START Task input

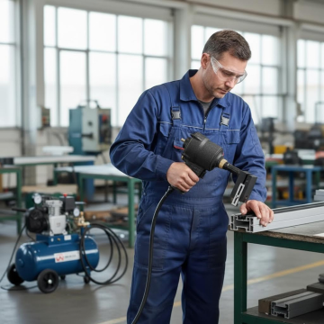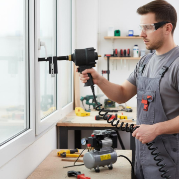 将这个机器置入一个工具加工桌面 可以是这个机器正在给铝制窗框打孔 只能打很薄的铝材或者钢材 有工业感景深效果 保持机器不要变形不要改变细节 生成四张
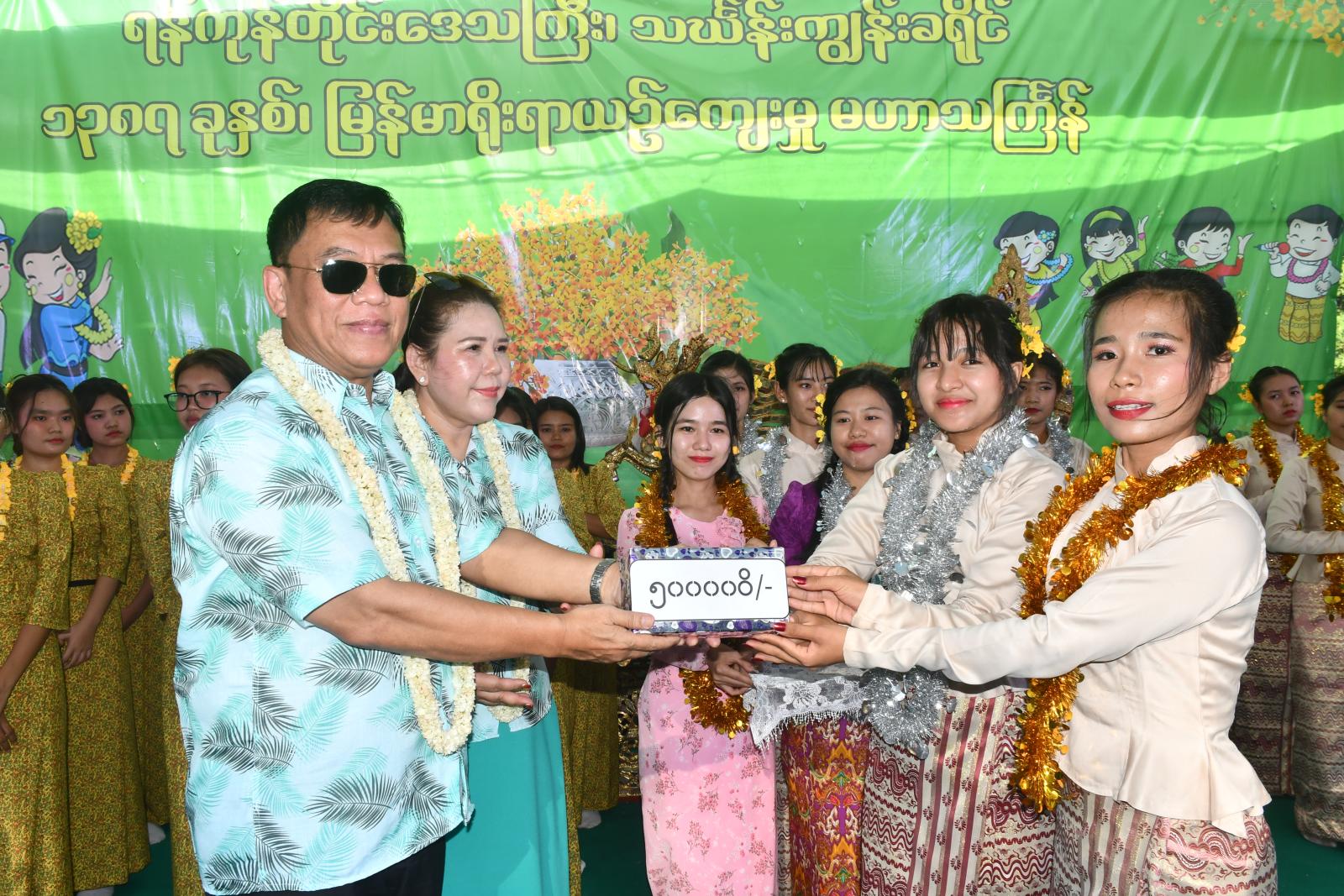 ထို့နောက် ရန်ကုန်တိုင်းဒေသကြီးဝန်ကြီးချုပ် ဦးအောင်နိုင်သူနှင့်အဖွဲ့သည် ရန်ကုန်တိုင်းဒေသကြီး၊ ဒဂုံမြို့သစ်ခရိုင်မဏ္ဍပ်၌ ပညာရေးယိမ်းအဖွဲ့များနှင့် တေးသံရှင်များက အကအလှတေးသီချင်းများဖြင့် ဖျော်ဖြေတင်ဆက်နေမှုများကို ကြည့်ရှုအားပေးပြီး ရန်ကုန်တိုင်းဒေသကြီးဝန်ကြီးချုပ် ဦးအောင်နိုင်သူနှင့်အဖွဲ့က ယိမ်းအဖွဲ့များအား ဂုဏ်ပြုချီးမြှင့်ငွေများကိုပေးအပ်ကာ သပြေခက်ဖြင့် ရေဖြန်းပက်ပေးပြီး ပြည်သူများနှင့်အတူ ပျော်ရွှင်စွာပါဝင်ဆင်နွှဲကြကြောင်း သိရသည်။
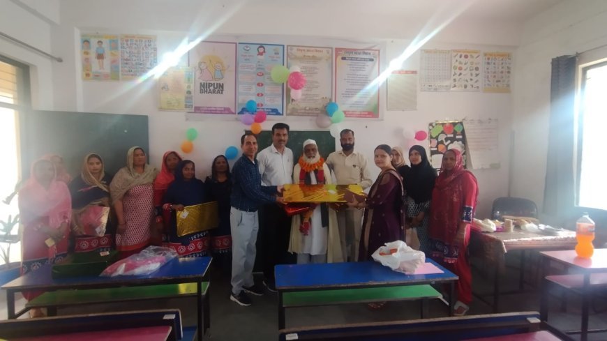 पीरपुरा प्राथमिक विद्यालय में भावुक माहौल के बीच प्रधानाचार्य मोहम्मद इकराम को दी गई विदाई
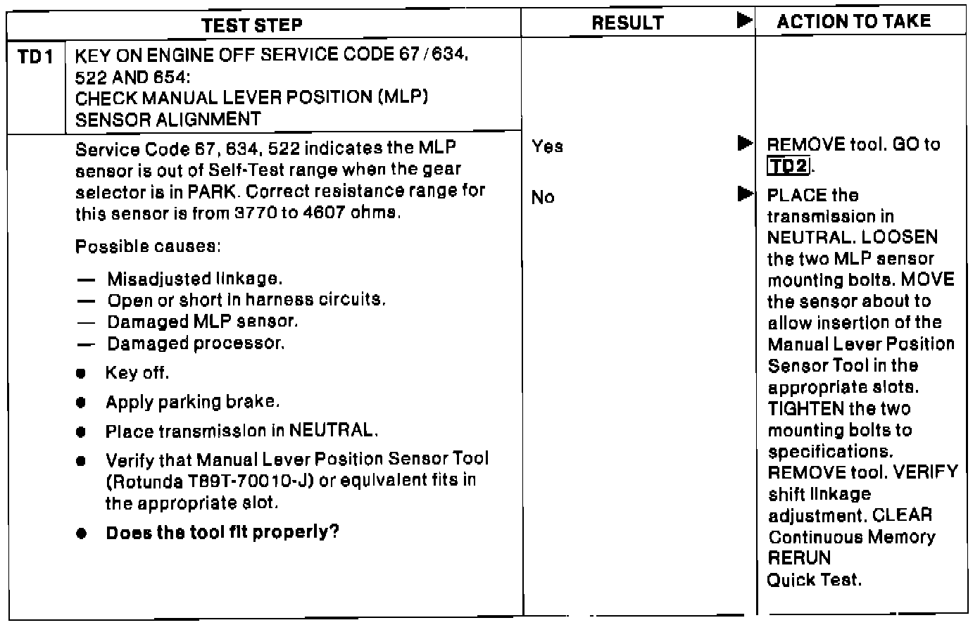 TD1 - Key On Engine Off Service Code 67/634, 522 and 654
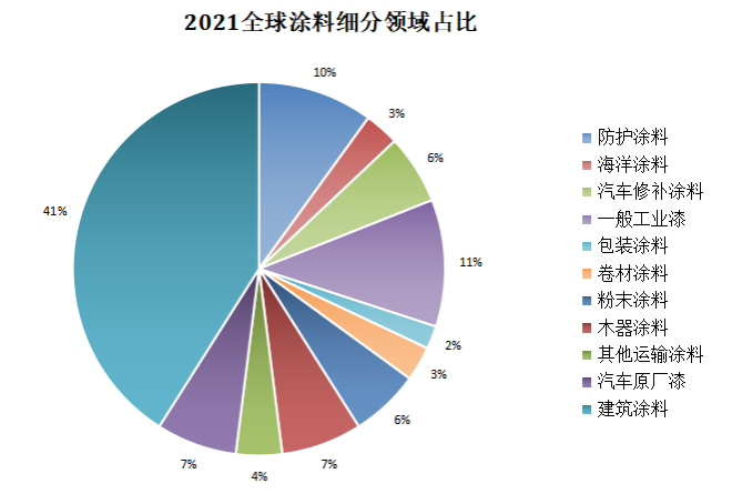 劉杰指出,從2021年中國與全球涂料行業細分對比來看,中國涂料行業細分領域占比與全球涂料細分領域占比并無太大差異,建筑涂料占比最大,其次是防護涂料。

END Task input

Restate every record above word for word, without images.

 将这个机器置入一个工具加工桌面 可以是这个机器正在给铝制窗框打孔 只能打很薄的铝材或者钢材 有工业感景深效果 保持机器不要变形不要改变细节 生成四张
 ထို့နောက် ရန်ကုန်တိုင်းဒေသကြီးဝန်ကြီးချုပ် ဦးအောင်နိုင်သူနှင့်အဖွဲ့သည် ရန်ကုန်တိုင်းဒေသကြီး၊ ဒဂုံမြို့သစ်ခရိုင်မဏ္ဍပ်၌ ပညာရေးယိမ်းအဖွဲ့များနှင့် တေးသံရှင်များက အကအလှတေးသီချင်းများဖြင့် ဖျော်ဖြေတင်ဆက်နေမှုများကို ကြည့်ရှုအားပေးပြီး ရန်ကုန်တိုင်းဒေသကြီးဝန်ကြီးချုပ် ဦးအောင်နိုင်သူနှင့်အဖွဲ့က ယိမ်းအဖွဲ့များအား ဂုဏ်ပြုချီးမြှင့်ငွေများကိုပေးအပ်ကာ သပြေခက်ဖြင့် ရေဖြန်းပက်ပေးပြီး ပြည်သူများနှင့်အတူ ပျော်ရွှင်စွာပါဝင်ဆင်နွှဲကြကြောင်း သိရသည်။
 पीरपुरा प्राथमिक विद्यालय में भावुक माहौल के बीच प्रधानाचार्य मोहम्मद इकराम को दी गई विदाई
 TD1 - Key On Engine Off Service Code 67/634, 522 and 654
 劉杰指出,從2021年中國與全球涂料行業細分對比來看,中國涂料行業細分領域占比與全球涂料細分領域占比并無太大差異,建筑涂料占比最大,其次是防護涂料。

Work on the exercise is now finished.